Exercise: Below are the records; pull every line that includes "with".

Dataset extract:
+===+

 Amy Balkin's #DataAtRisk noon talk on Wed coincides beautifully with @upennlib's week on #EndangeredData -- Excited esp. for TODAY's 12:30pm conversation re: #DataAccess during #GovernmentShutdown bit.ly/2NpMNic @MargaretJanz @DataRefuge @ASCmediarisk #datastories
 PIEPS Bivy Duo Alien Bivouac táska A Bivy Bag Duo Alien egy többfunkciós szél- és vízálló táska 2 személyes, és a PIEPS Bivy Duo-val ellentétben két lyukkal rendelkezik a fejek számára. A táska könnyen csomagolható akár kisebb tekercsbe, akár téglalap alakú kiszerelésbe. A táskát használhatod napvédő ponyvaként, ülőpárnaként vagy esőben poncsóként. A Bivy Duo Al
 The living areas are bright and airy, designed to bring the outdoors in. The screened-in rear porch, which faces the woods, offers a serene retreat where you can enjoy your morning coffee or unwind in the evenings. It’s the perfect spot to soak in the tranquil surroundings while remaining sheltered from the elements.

+===+

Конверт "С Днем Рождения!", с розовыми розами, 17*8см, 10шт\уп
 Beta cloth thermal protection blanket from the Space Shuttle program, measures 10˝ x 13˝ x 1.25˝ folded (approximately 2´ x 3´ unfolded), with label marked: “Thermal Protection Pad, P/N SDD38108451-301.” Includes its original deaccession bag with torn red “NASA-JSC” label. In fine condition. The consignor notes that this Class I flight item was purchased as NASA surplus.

+===+

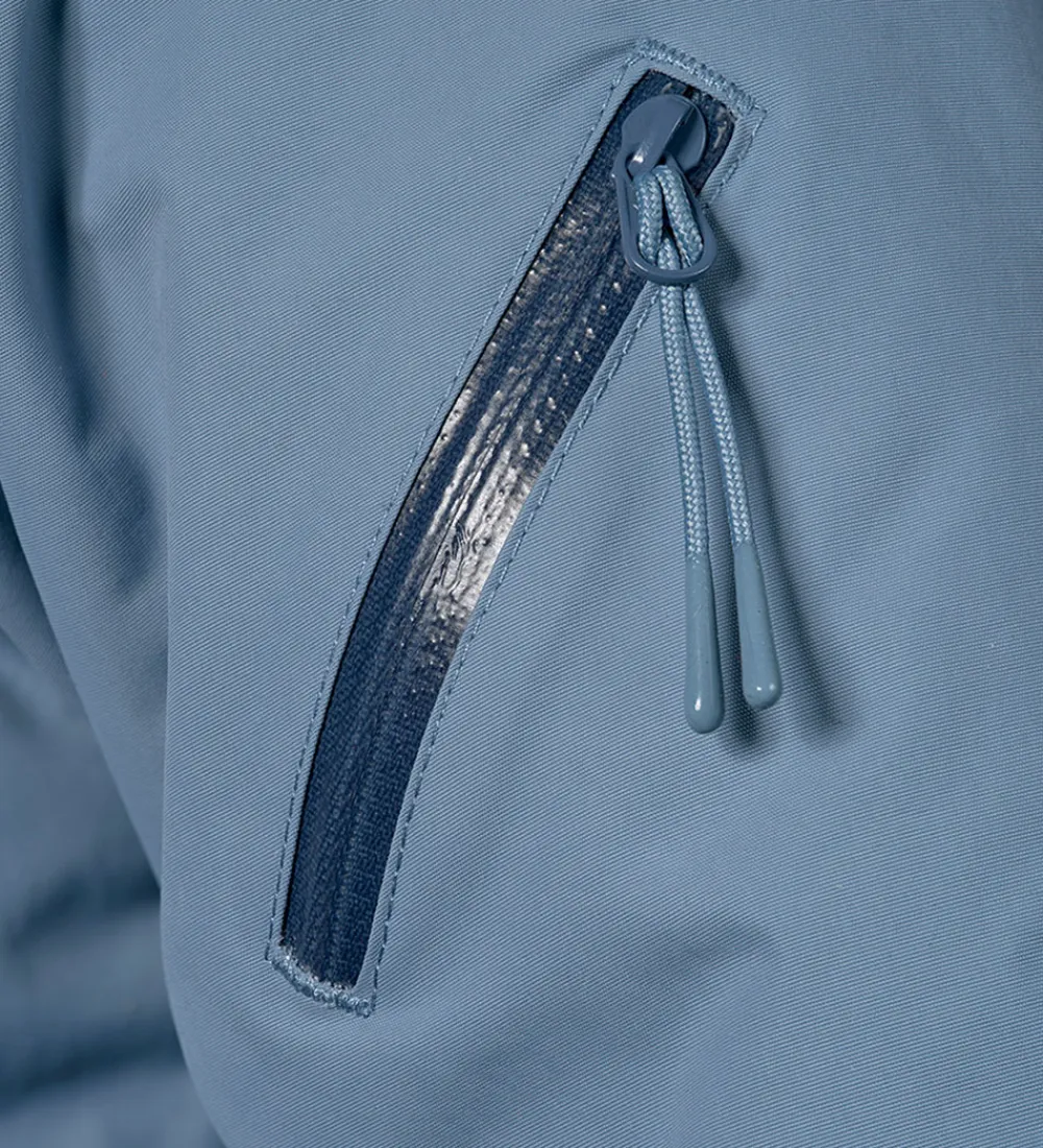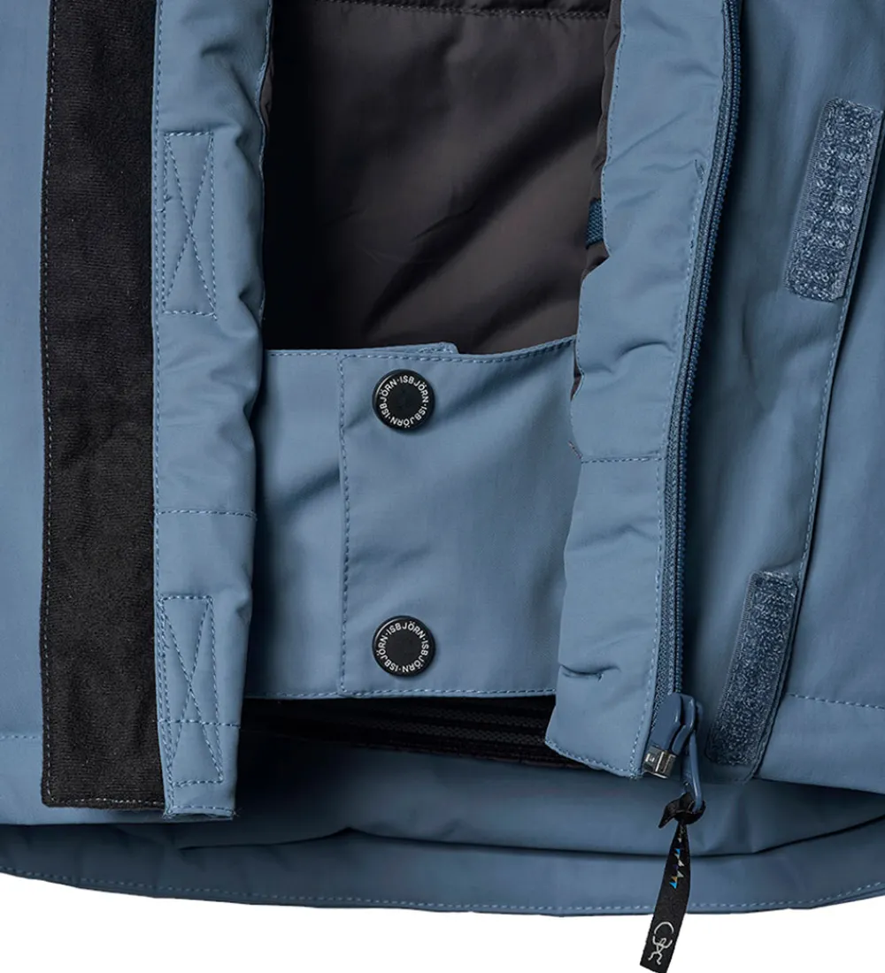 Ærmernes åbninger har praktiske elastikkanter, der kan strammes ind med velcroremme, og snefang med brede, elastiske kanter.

+===+

Solved problem:
 Amy Balkin's #DataAtRisk noon talk on Wed coincides beautifully with @upennlib's week on #EndangeredData -- Excited esp. for TODAY's 12:30pm conversation re: #DataAccess during #GovernmentShutdown bit.ly/2NpMNic @MargaretJanz @DataRefuge @ASCmediarisk #datastories
 Beta cloth thermal protection blanket from the Space Shuttle program, measures 10˝ x 13˝ x 1.25˝ folded (approximately 2´ x 3´ unfolded), with label marked: “Thermal Protection Pad, P/N SDD38108451-301.” Includes its original deaccession bag with torn red “NASA-JSC” label. In fine condition. The consignor notes that this Class I flight item was purchased as NASA surplus.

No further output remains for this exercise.